The remote user can now Allow or Decline the full control. Assume that user clicks Allow button.
The below screenshot shows the remote help in action. The support staff has full control over the remote computer and provide further assistance.
After the issues are resolved, or at any time during the session, both the sharer or helper can end the session.
To end the session, select Leave in the upper-right corner of the remote help app. Upon the end of a session, the sharer is automatically signed out of their device as a security precaution to ensure all connections between the devices close.
Monitor Remote Help Sessions in Intune
You can monitor the use of remote help from within Microsoft Endpoint Manager (Intune).
- Sign in to the Microsoft Endpoint Manager admin center.
- Go to Tenant administration > Connectors and tokens > Remote help (preview).
- On the Monitor tab, you’ll see a count of active sessions and historical data about past sessions.

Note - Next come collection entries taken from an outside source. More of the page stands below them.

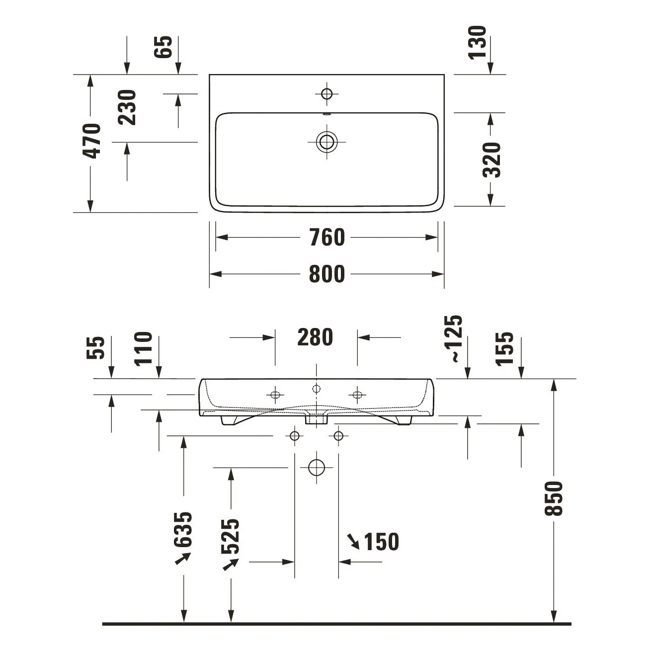 - Unterseite geschliffen, daher für die Montage auf Konsolen oder Waschtischunterschränken mit Konsole geeignet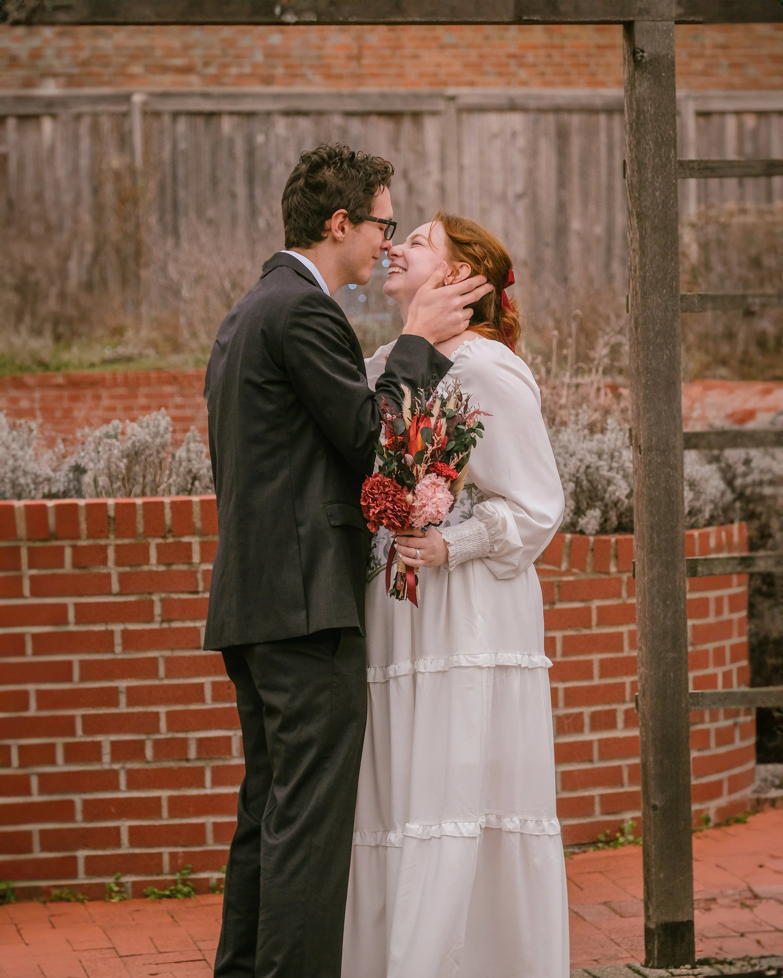 I met my husband, Ben, during our sophomore year of high school through our FFA chapter. We started dating shortly after, and have been inseparable ever since. After eight years of dating and three and a half years of living together, we got engaged and spontaneously decided to elope just a few months later on Christmas Eve in 2024. It was quick, simple, and perfect for us.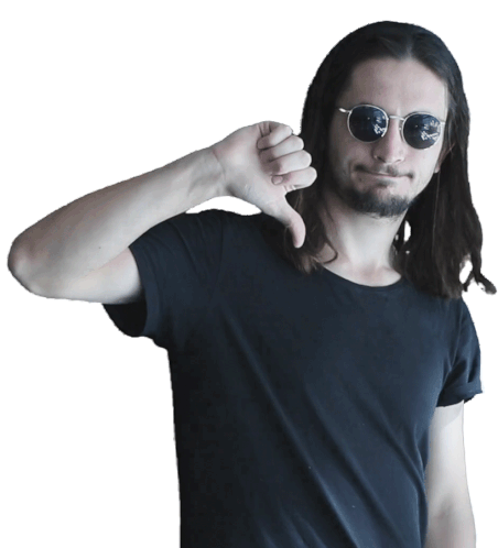 The Kiffness, wearing sunglasses, gives a clear thumbs down, expressing rejection or disapproval.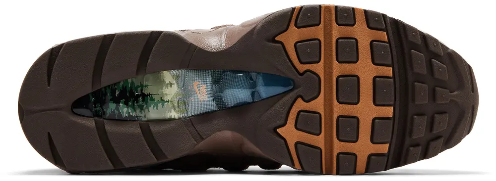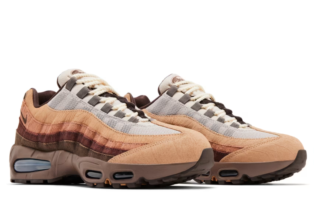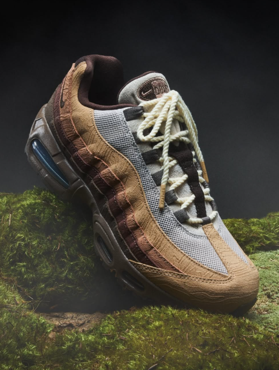 Voor deze release duikt DOAF dus diep in de texturen van de streek waar ze vandaan komen. De Nike Air Max 95 ‘Lumber Yard’ is een duidelijke referentie aan de houtindustrie, met suède overlays voorzien van een houtnerf-embossing en robuuste materialen over de hele upper. Rope laces versterken de ruige look, terwijl een “wood grain graphic” op de sockliner het thema verder doorzet.
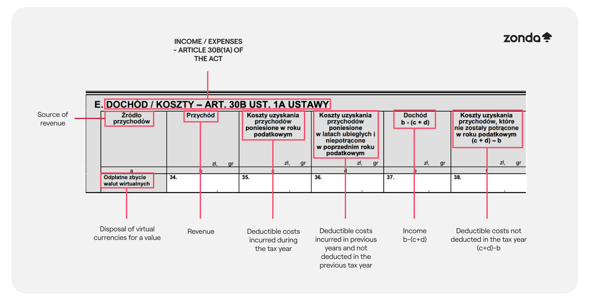 Use form PIT-38 (for income earned in 2022, this will be form 16). Income from this type of activity should not be combined with business income or other sources of income. In practice, this means that income from trading in virtual currencies should be accounted for separately from other sources (in a listed space on the PIT-38 form).

On the Remote help sessions tab, you’ll see the records of past sessions, including:
- Provider ID – The helper ID of each session.
- Recipient ID – The recipient ID of each session.
- Recipient First Name – First name of the recipient.
- Recipient Last Name – Last name of the recipient.
- Device Name – The hostname of the device.
- OS – Operating System Details of the Device.
- Session Start – The Time when the Remote Help Session Started.
- Session End – The Time when the Remote Help Session Ended.
Intune Remote Help App Log files for Troubleshooting
When you use the remote help app, the remote help logs data during installation and during remote help sessions can be of use when investigating issues with the app.
When you install the remote help app or uninstall it, the following two logs are created in the device user’s Temp folder. Every user account has the temp folder created in the following location – C:\Users\username\AppData\Local\Temp
The * in the log file name represents a date and time stamp of when the log was created.
The below two log files can be used for troubleshooting issues with Intune remote help app.
- Remote_help_QuickAssist_Win10_x64.msi.log
- Remote_help.log
Operational logs – During the use of Intune remote help app, operational details are logged in the Windows Event Viewer.
The path of operational logs for Intune remote help app is Event Viewer > Application and Services > Microsoft > Windows > RemoteHelp.